Introduction
Introduction to basic concepts and terms in CAT. If you are new to CAT, read carefully.
What is CAT About
If you end up here, we expect you have some data and you want to trust them. CAT is about turning your assumptions about data into confidence - you will not assume the data is correct, you will know it is. Or you will exactly know what is wrong. You achieve that very simply by creating very simple automated tests.
This page summarizes basic terms and concepts used in CAT.
Data Source
Every company has lots of data. Very often, the data are in various formats:
The data are often “travelling” through the company systems, e.g., they are created in a CRM system, loaded into DWH and from DWH to Power BI wokspace for reporting. It is a best practice to have automated tests, that give you enough confidence that all data are trustworthy.
A Data Source in CAT is a definition of where the data is and how to connect to them. You give them a friendly name (such as CRM, DWH, Power BI, …). This friendly name is then used in your tests, where you define your expectation about the data in the system. This way you dont’ have to repeat all connection information in every test - you just specify, that your test examines data in e.g., DWH.
Example of a Data Source:
Data Sources:
- Provider: SqlServer@1
Connection string: data source=localhost;integrated security=true;initial catalog=DWH
Name: DWH
The example is in YAML, but you can have them defined also in a relational database table, in MS Excel file, …

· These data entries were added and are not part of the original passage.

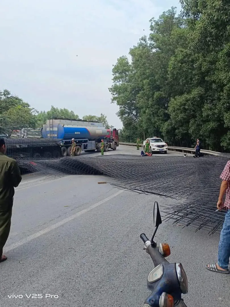 Xe đầu kéo làm rơi lưới thép, 3 người bị thương khi đi qua cầu Thủ Biên
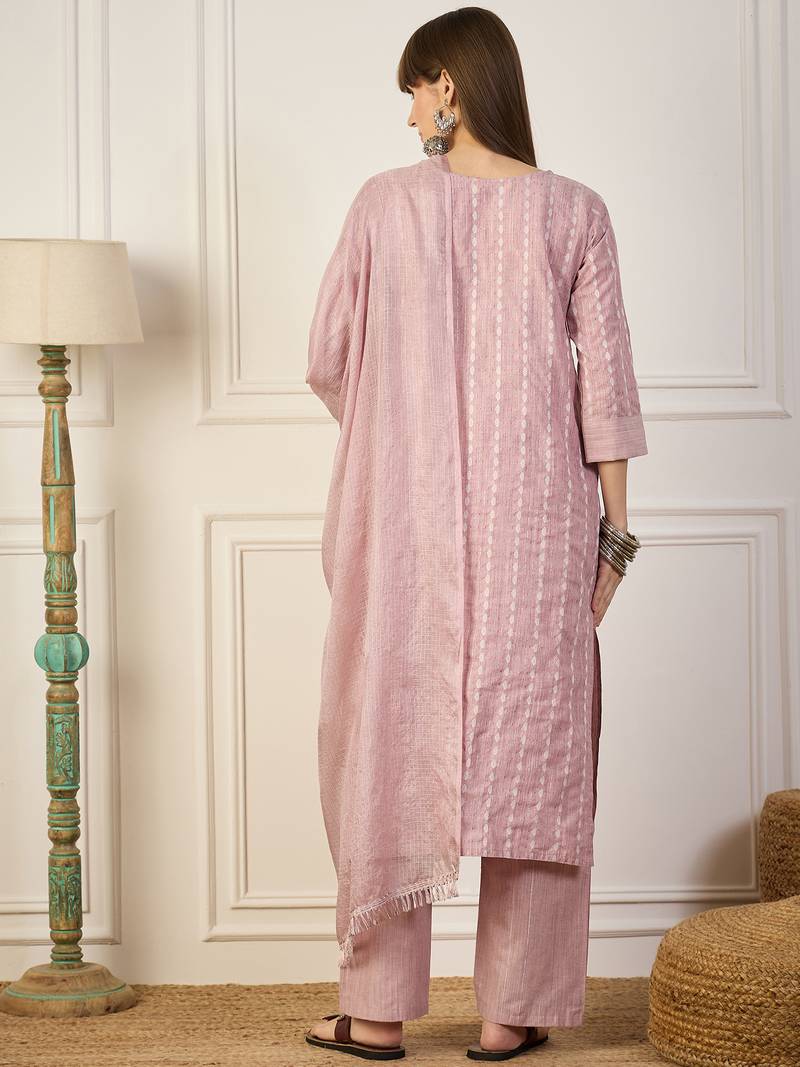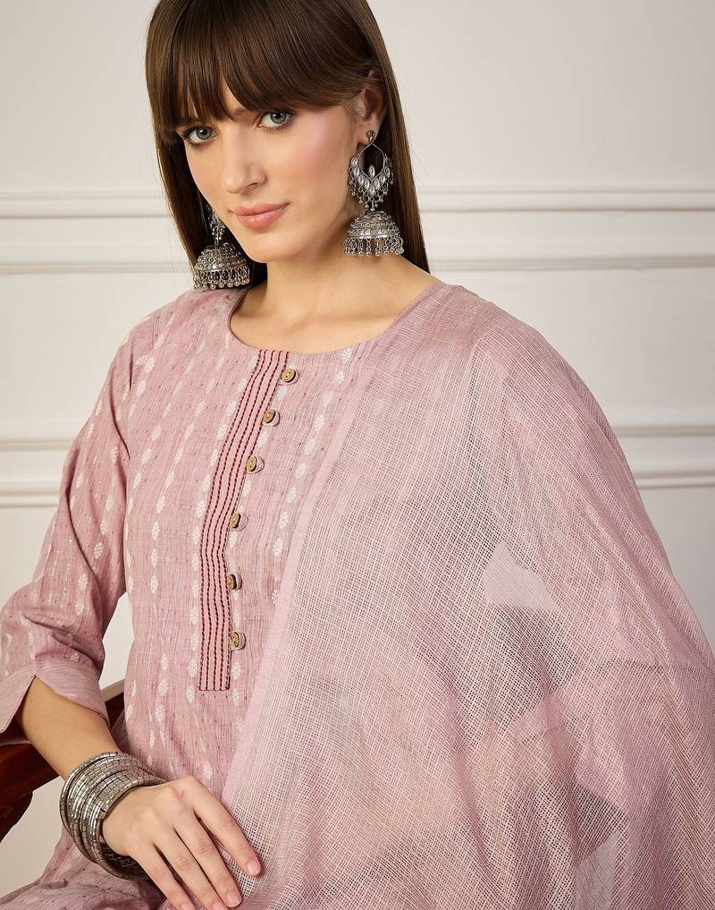 Pink women kurta pant dupatta set stitched
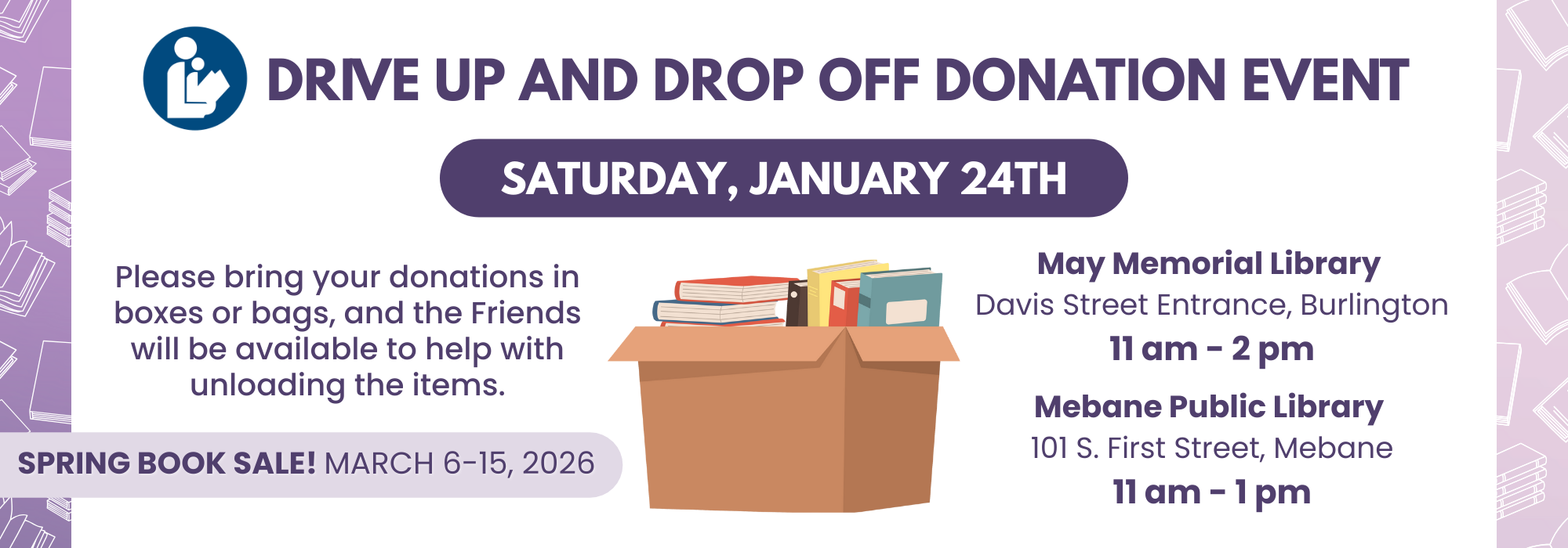 Phone: 336-229-3588 ext. 16109 or ask for Outreach | e-mail: outreach@alamancelibraries.org

For details, see Data Source.
Test Definition
A Test Definition describes your expectations about the data. E.g., you expect that a SQL statement issued against your CRM system (MySQL) returns exactly the same data as another SQL statement issued against your DWH (SQL Server). Or that none of your tables in a Power BI model is empty.
Example of a simple smoke test:
Tests:
- Test Suite: Smoke tests
Test Name: Dimension.Customer has data
Data Source: DWH
Query: SELECT * FROM Dimension.Customer
Expectation: set is not empty
And again - you can define your tests wherever you want - in YAML (as in the example), in MS Excel, in a relational database table.
For details, see Test Definition.
Provider
As mentioned, in CAT you crated named Data Sources - they tell to CAT where your data is. But that does not mean, that CAT can connect to any data source. CAT has predefined set of providers - they define to what types of data is CAT able to connect, such as MS SQL Server, ORACLE, PostgreSQL, MS Excel, CSV, Power BI, …
Note that in the data source definition the provider (and version) must be specified:
Data Sources:
- Provider: SqlServer@1 # without this line CAT wouldn't know HOW to connect (what drivers to use)
Connection string: data source=localhost;integrated security=true;initial catalog=DWH
Name: DWH
For details, see Providers
Expectation
In an Excpectation you express, what you expect from the dataset(s) returned by a query (or queries) you defined in a Test Definition.
CAT comes with predefined set of expectations, such as SetIsEmpty, SetRowCount or SetsMatch.
For details about Expectations, see Expectations.
For overview of all defined Expectations, see Expectations.
Output
CAT PowerShell module by default outputs the results of tests (and log messages) to console. For interactive testing sessions it is enough, but in various scenarios, you might need something else:
- Developers or business users often need results of tests in MS Excel format
- Azure DevOps or other automation tools need special file formats in order to display nice charts and details of test results
- You may be tasked to automate further processes, such as sending emails, insert results into database, invoke other processes etc.
CAT helps you significantly by creating various Outputs, such as MS Excel files, JSON, TRX or YAML files etc.
Output: xlsx, json
For details, see Outputs.
Project File
CAT needs to know somehow what data do you want to tests (data sources) and what exactly you need to check (tests).
For every testing project, you need to create a new CAT project file. You can do it simly with New-CatProject
command.
In simple scenarios, you simly define data sources and tests directly in that project file, something like this:
Data Sources: # where to connect
- Provider: SqlServer@1 # it is MS SQL server
Connection string: data source=localhost;integrated security=true;initial catalog=DWH
Name: DWH # friendly name for this data source
Tests:
- Name: Active customers have contracts # name for the test
Description: Every active customer has at least one active contract.
First Data Source: DWH #
First Query: |
SELECT CustomerID
FROM dbo.Customer as cust
WHERE cust.IsActive = 1
ORDER BY cust.CustomerID
Second Data Source: DWH
Second Query: |
SELECT DISTINCT c.CustomerID
FROM dbo.Contract as c
WHERE c.IsActive = 1
ORDER BY c.CustomerID
Expectation: SetsMatch # what do I expect from the result datasets
Output: xlsx
But often, you may need to load the test definitions (or even data source definitions) from e.g., relational database table or from a MS Excel file. You can do so, just specify what do you want in the project file.
In project files you also define outputs you need (if simple output to console window is not enough).
For full reference, see Project files.